**Data records:**
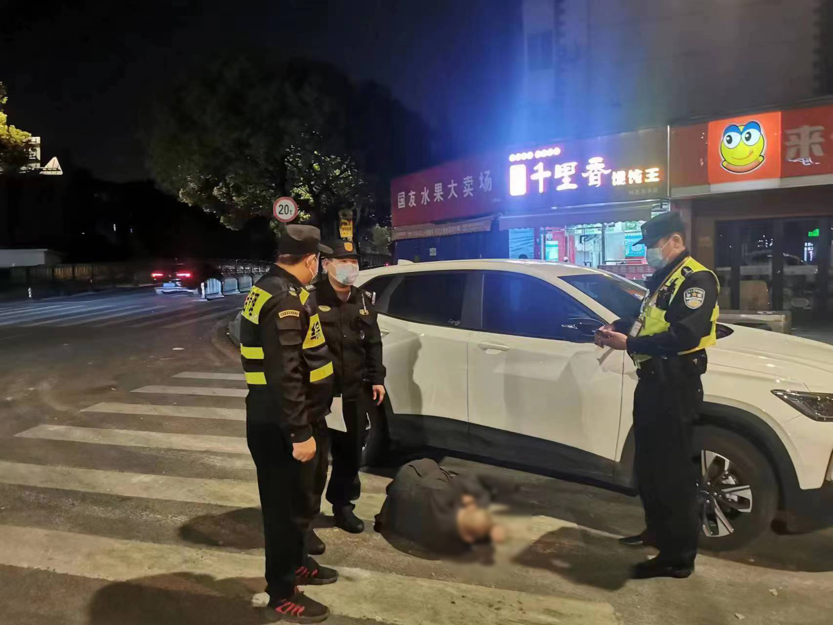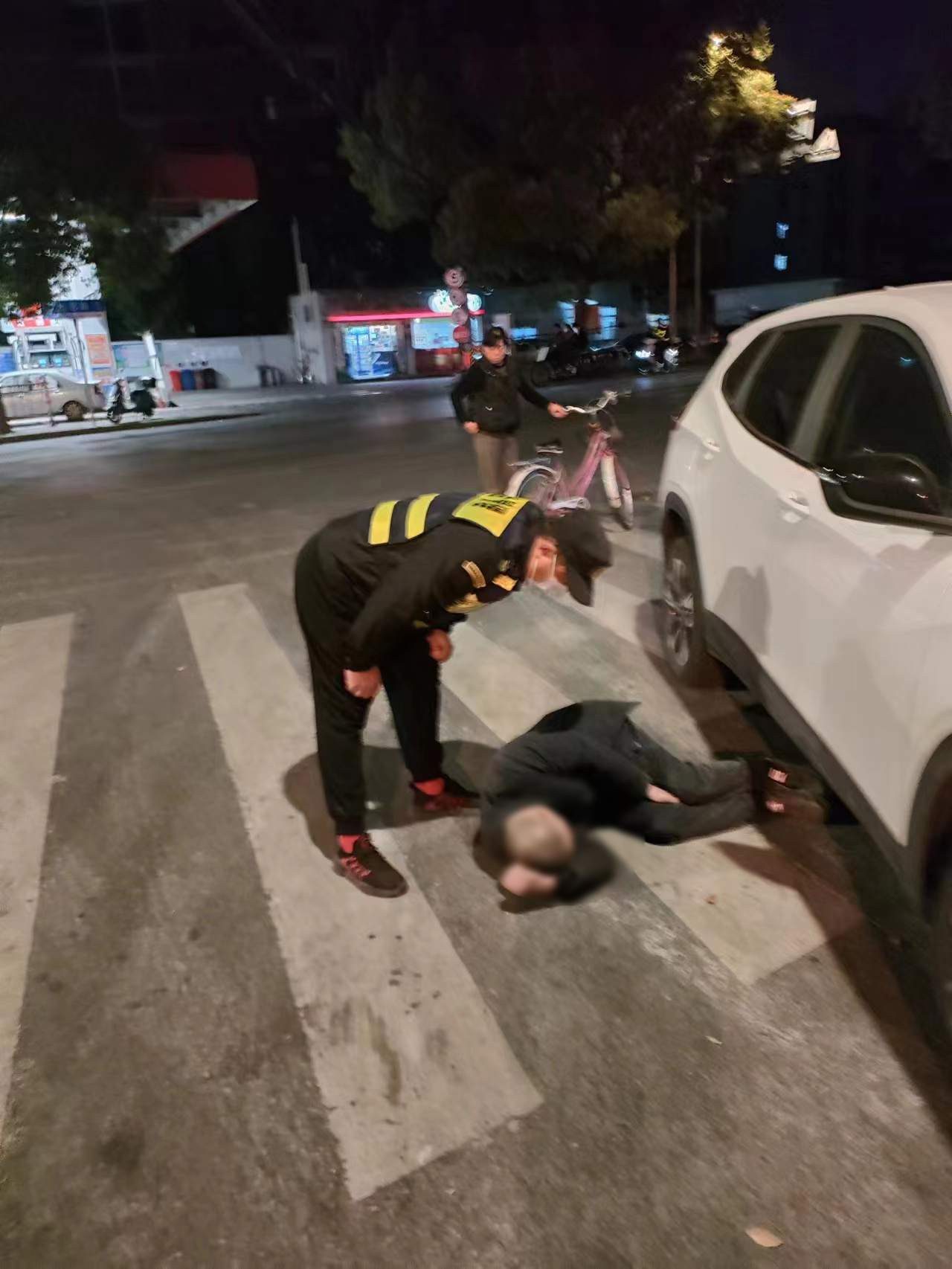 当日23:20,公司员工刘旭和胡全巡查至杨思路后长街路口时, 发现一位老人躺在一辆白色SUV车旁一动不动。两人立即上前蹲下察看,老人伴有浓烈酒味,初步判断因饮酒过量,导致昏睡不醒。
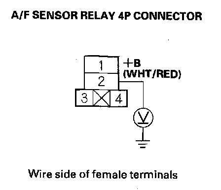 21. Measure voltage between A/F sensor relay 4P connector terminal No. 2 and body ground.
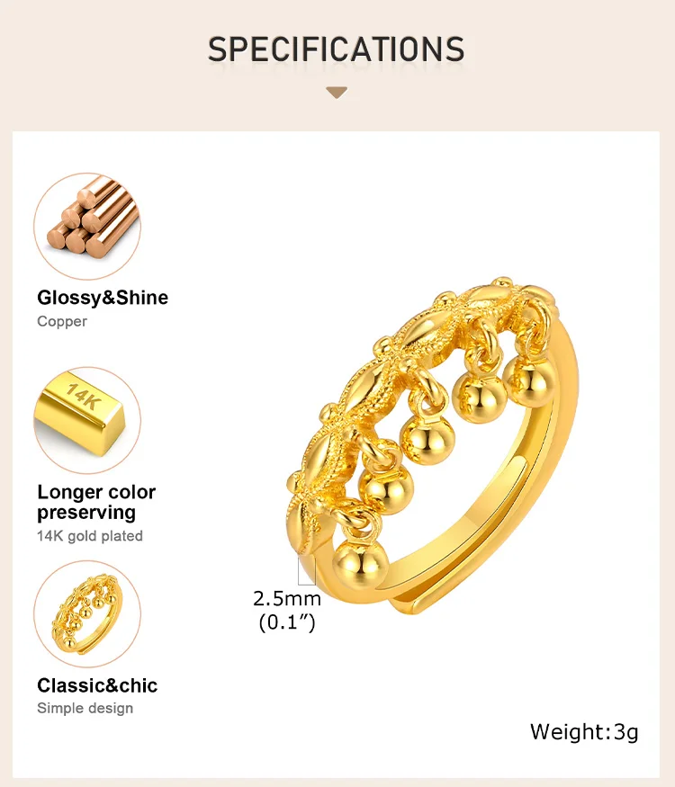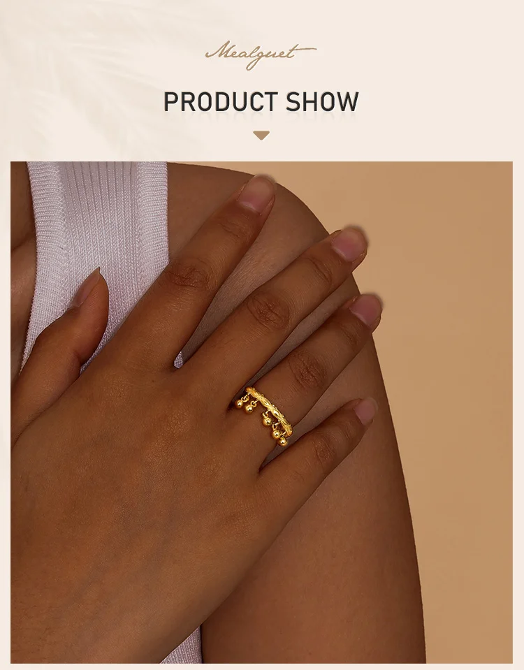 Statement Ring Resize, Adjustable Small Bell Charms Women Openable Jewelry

==

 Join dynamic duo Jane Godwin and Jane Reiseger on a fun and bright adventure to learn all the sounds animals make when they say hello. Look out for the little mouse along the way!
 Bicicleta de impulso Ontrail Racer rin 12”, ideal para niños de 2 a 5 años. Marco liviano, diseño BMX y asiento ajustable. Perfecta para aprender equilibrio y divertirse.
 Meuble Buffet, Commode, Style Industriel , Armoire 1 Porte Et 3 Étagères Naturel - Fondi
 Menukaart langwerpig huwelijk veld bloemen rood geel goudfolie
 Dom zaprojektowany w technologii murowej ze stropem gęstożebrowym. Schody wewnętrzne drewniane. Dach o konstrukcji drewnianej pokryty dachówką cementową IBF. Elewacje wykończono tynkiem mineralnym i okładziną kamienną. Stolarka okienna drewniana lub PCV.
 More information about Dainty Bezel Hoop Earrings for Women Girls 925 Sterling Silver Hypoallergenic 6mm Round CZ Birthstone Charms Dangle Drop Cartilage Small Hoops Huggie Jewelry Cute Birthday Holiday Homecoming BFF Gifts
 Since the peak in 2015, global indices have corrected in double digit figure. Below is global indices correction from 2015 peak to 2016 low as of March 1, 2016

**Work required:** From the records above, quote only the lines running from the line with "Bicicleta de impulso" to the line with "Since the peak", both lines included.

**Your solution:**
 Bicicleta de impulso Ontrail Racer rin 12”, ideal para niños de 2 a 5 años. Marco liviano, diseño BMX y asiento ajustable. Perfecta para aprender equilibrio y divertirse.
 Meuble Buffet, Commode, Style Industriel , Armoire 1 Porte Et 3 Étagères Naturel - Fondi
 Menukaart langwerpig huwelijk veld bloemen rood geel goudfolie
 Dom zaprojektowany w technologii murowej ze stropem gęstożebrowym. Schody wewnętrzne drewniane. Dach o konstrukcji drewnianej pokryty dachówką cementową IBF. Elewacje wykończono tynkiem mineralnym i okładziną kamienną. Stolarka okienna drewniana lub PCV.
 More information about Dainty Bezel Hoop Earrings for Women Girls 925 Sterling Silver Hypoallergenic 6mm Round CZ Birthstone Charms Dangle Drop Cartilage Small Hoops Huggie Jewelry Cute Birthday Holiday Homecoming BFF Gifts
 Since the peak in 2015, global indices have corrected in double digit figure. Below is global indices correction from 2015 peak to 2016 low as of March 1, 2016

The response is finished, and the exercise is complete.